Automatic and adaptive preprocessing for the development of predictive models.
In recent years, there has been an increasing interest in extracting valuable information from large amounts of data. This information can be useful for making predictions about the future or inferring unknown values. There exists a multitude of predictive models for the most common tasks of classification and regression. However, researchers often assume that data is clean and far too little attention has been paid to data pre-processing. Despite the fact that there are a number of methods for accomplishing individual pre-processing tasks (e.g. outlier detection or feature selection), the effort of performing comprehensive data preparation and cleaning can take between 60% and 80% of the whole data mining process time. One of the goals of this research is to speed up this process and make it more efficient. To this end, an approach for automating the selection and optimisation of multiple preprocessing methods and predictors has been proposed.
The combination of multiple data mining methods forming a workflow is known as Multi-Component Predictive System (MCPS). There are multiple software platforms like Weka and RapidMiner to create and run MCPSs including a large variety of pre-processing methods and predictors. There is, however, no common mathematical representation of MCPSs. An objective of this thesis is to establish a common representation framework of MCPSs. This will allow validating workflows before beginning the implementation phase with any particular platform. The validation of workflows becomes even more relevant when considering the automatic generation of MCPSs.
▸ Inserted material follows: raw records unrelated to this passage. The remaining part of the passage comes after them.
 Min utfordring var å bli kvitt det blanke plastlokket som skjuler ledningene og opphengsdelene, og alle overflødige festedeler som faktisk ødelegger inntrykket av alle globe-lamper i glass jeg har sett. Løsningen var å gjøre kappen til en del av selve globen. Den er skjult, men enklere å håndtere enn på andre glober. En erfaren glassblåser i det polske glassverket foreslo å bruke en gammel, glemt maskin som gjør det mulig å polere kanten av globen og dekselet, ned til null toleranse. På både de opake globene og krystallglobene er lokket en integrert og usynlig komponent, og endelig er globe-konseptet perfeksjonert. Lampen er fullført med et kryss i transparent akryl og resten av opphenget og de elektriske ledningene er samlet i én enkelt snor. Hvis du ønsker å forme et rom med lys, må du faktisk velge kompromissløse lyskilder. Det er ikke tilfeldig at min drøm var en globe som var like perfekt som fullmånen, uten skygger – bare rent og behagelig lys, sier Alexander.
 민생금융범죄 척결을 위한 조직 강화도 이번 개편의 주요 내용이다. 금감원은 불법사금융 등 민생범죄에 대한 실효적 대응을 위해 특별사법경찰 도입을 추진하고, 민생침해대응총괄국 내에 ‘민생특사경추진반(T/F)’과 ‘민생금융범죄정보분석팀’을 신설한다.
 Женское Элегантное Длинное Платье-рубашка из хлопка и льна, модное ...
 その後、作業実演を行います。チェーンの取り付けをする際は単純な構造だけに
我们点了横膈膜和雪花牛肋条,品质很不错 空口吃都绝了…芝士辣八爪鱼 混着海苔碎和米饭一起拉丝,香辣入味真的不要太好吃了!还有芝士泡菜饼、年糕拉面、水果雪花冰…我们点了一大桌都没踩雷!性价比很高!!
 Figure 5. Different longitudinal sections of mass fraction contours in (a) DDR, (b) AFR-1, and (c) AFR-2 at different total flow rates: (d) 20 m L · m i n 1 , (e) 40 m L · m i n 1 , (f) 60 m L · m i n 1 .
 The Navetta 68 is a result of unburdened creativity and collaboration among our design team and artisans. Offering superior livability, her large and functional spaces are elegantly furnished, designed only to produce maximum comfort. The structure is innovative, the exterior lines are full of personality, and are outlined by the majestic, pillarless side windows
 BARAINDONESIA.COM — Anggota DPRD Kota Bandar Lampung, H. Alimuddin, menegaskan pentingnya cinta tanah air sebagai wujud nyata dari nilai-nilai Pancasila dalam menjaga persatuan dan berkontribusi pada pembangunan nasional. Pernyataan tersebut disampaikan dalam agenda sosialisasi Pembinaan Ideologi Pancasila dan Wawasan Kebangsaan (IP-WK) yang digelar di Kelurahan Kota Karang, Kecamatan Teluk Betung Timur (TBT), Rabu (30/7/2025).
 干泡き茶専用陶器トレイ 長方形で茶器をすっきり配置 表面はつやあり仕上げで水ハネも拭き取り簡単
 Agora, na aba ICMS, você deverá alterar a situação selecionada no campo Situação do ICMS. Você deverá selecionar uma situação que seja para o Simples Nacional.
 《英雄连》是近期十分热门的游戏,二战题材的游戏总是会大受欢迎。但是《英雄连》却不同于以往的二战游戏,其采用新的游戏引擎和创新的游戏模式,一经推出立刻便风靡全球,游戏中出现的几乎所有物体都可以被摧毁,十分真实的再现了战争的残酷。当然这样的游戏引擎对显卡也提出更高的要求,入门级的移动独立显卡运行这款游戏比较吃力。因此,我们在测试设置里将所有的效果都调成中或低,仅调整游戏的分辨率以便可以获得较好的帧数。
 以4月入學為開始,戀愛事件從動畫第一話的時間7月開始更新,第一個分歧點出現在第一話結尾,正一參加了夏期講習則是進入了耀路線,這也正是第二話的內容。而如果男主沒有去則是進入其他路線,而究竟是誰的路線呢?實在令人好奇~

In order to automate the composition and optimisation of MCPSs, a search space is defined consisting of a number of preprocessing methods, predictive models and their hyperparameters. Then, the space is explored using a Bayesian optimisation strategy within a given time or computational budget. As a result, a parametrised sequence of methods is returned which after training form a complete predictive system. The whole process is data-driven and does not require human intervention once it has been started.
The generated predictive system can then be used to make predictions in an online scenario. However, it is possible that the nature of the input data changes over time. As a result, predictive models may need to be updated to capture the new characteristics of the data in order to reduce the loss of predictive performance. Similarly, preprocessing methods may have to be adapted as well. A novel hybrid strategy combining Bayesian optimisation and common adaptive techniques is proposed to automatically adapt MCPSs. This approach performs a global adaptation of the MCPS. However, in some situations, it could be costly to update the whole predictive system when maybe just a little adjustment is needed. The consequences of adapting a single component can, however, be significant. This thesis also analyses the impact of adapting individual components in an MCPS and proposes an approach to propagate changes through the system.
This thesis was initiated due to a joint research project with a chemical production company, which has provided several datasets with common raw data issues in the process industry. The final part of this thesis evaluates the feasibility of applying such automatic techniques for building and maintaining predictive models for real chemical production processes.